H.R. 4796 is supported by the Medicare Advocacy Recovery Coalition (MARC), a broad based coalition that is seeking to make the Medicare Secondary Payer (MSP) process more fair and efficient. Its goal is to enable insurers and self-insured employers to promptly settle claims while securing timely resolution of their Medicare responsibilities. Also, H.R. 4796 establishes an appeal process so that non-group health plans can resolve disputes with Medicare without resorting to litigation and clarifies the statute of limitations applicable to Medicare’s enforcement actions under the MSP laws.

Over the past several years, Medicare has become increasingly aggressive in its efforts to collect payments it has already made that are the responsibility of others (“conditional payments”) and to require insurers and self-insured employers to protect Medicare’s interests when settling claims in which future medical payments are compromised and released. Federal law requires a portion of such settlements to be set aside so that the cost of medical treatment for the injury will not be borne by Medicare when the injured worker becomes Medicare eligible. These arrangements are called “Medicare Set Asides” or MSAs.
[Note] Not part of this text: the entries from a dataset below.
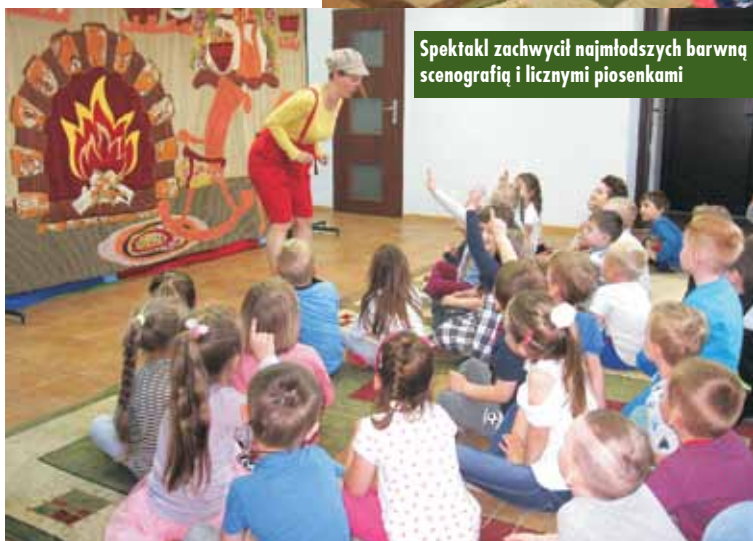
Spektakl zachwylił najmłodszych barwną scenografią i licznymi piosenkami

nie, za co dobra wróżka nagradza go i zmienia w prawdziwego chłopca.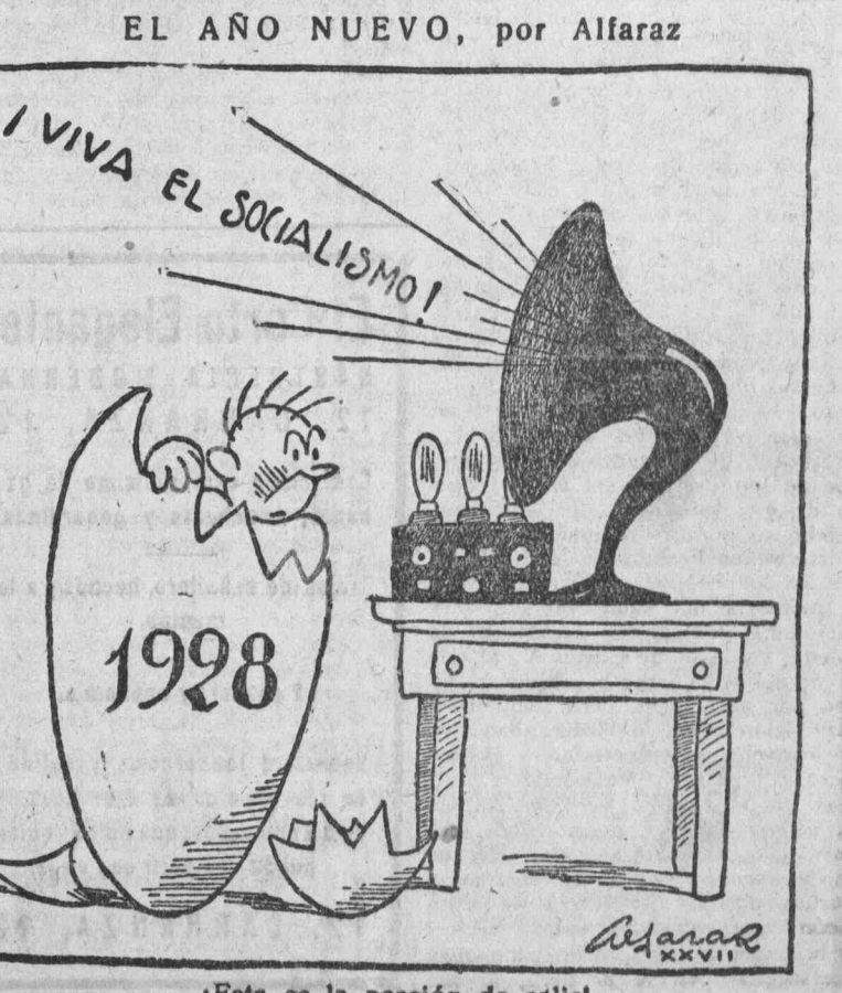
[Esta es la ocasión de salir]

De las 14 entidades que han sido baja, una, la de Béjar, está en reorganización; la de Madrid (Grupo Femenino) se ha fusionado, sin pérdida de afiliados, con la Agrupación, y nueve pertenecen a la región asturiana, donde la crisis económica es agudísima y vive de milagro tanto la organización sindical como la política. No hay, pues, pérdida efectiva en el balance del año, que ha sido malísimo para nuestro Partido, por la prolongación del régimen de dictadura, por la escasez de recursos para la propaganda y, sobre todo, por la crisis de trabajo. En general, nuestras Secciones mantienen su fuerza, y hasta la aumentan; aunque es de suponer que en el año venidero, con la propaganda reducida, menos de la necesaria, pero más que en años anteriores, se acrecentará el número de cotizantes y el de Secciones, con ocasión de celebrarse el Congreso ordinario, convocado para 1.º de abril de 1928. De aquí a esta fecha, pues, el deber de todos habrá de consistir en procurar por todos los medios aumentar el número de cotizantes en el Partido, para presentar un buen balance. Porque donde no haya socialistas, y socialistas de verdad, decididos a trabajar por la organización obrera, ésta tendrá vida efímera e insegura. Dentro del Partido, donde están la Unión General y nuestra convención, nuestro deber y nuestra convicción es que cada revolucionario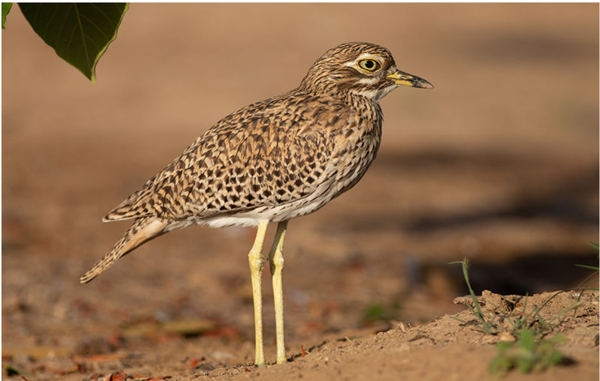
Spotted Thick-knee, Salalah, 22 november (Sander Bot)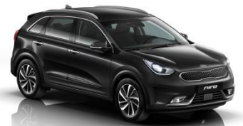
ABP (Aurora Black)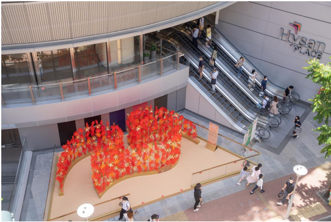
展品从高处观看可见充满动感的「25」线条。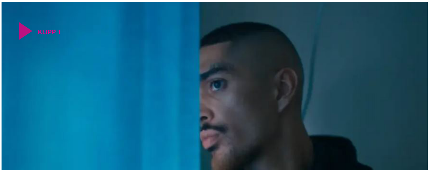
Klipp 1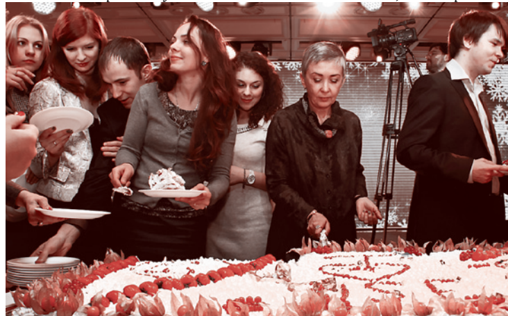
Юбилейная встреча выпускников Высшей школы экономики, 24 декабря 2012 года.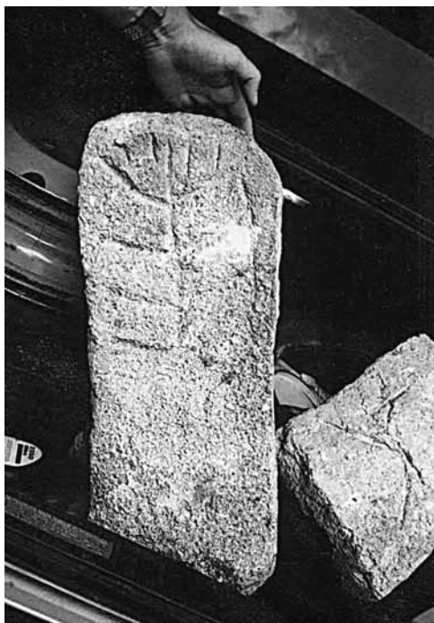
Надгробная плита, найденная на окраине античного города Кепы (Таманский п-ов).

На Северном Кавказе, вопреки известиям «Кембриджского документа», рассказывающего о жизни евреев — беженцев из Закавказья (Тогармы) среди хазар, собственно иудейские древности как хазарского, так и дохазарского времени не обнаружены 9 . Известный оптимизм для будущих исследований, помимо находок на городище Шамран, внушают находки в столице ранне-средневековой Грузии Мцхета, где обнаружены остатки иудейского квартала (см. о находке там арамейского амулета — азбучной молитвы 10 ). Что касается отдельных находок в Северокавказском регионе, прежде всего фрагментов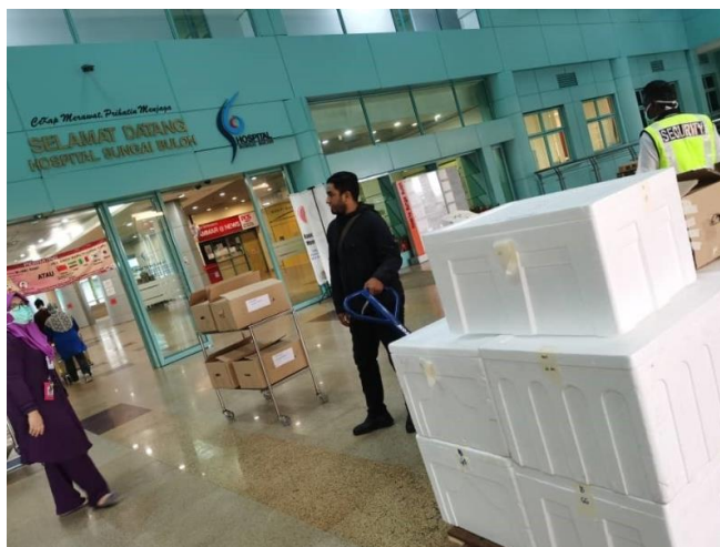
工作人员送餐到双溪毛糯政府医院。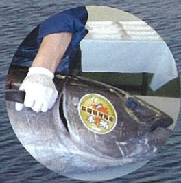
マグロの解体ショー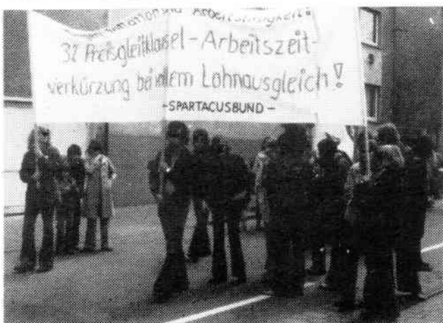
„Aufgesplitterte“ Übergangsforderungen des Spartacusbundes: Vertrauensleutekontrolle und 3% Preisleitklausel.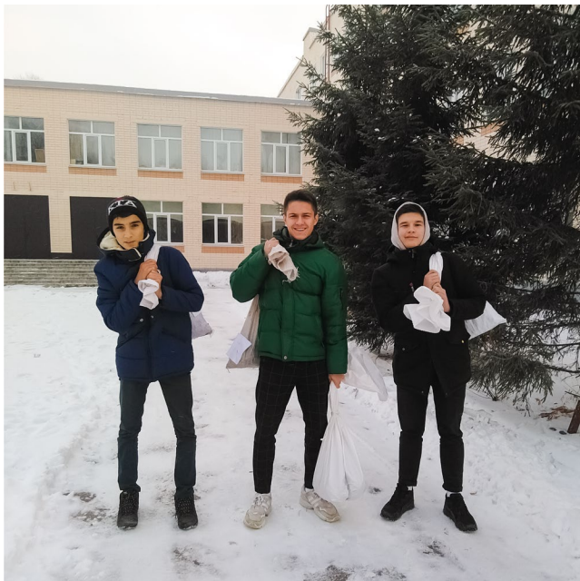
Сбор и сдача батареек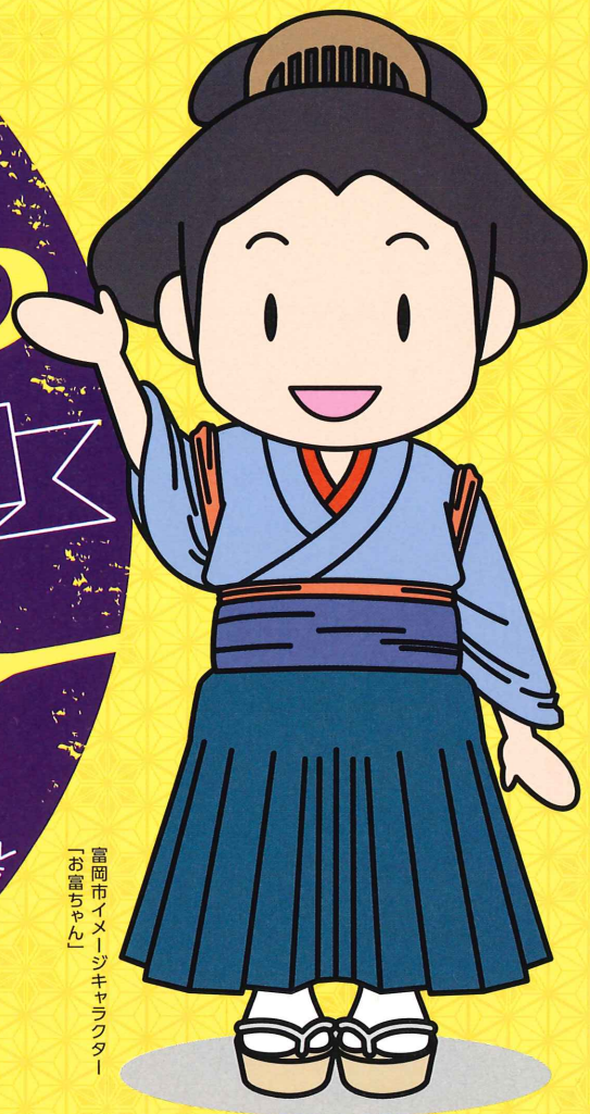
富岡市イメージキャラクター 「お富ちゃん」

Under current law, Medicare must approve a settlement valued at $25,000 or more when the injured worker is a Medicare beneficiary or may become a Medicare beneficiary within 30 months of the settlement date. This includes individuals who are receiving Social Security Disability Insurance (SSDI) benefits. There is a growing body of research demonstrating that the expense and delays in securing Medicare’s approval of settlements are adding significant costs to the workers’ compensation system. As the working population continues to age, these costs will only increase.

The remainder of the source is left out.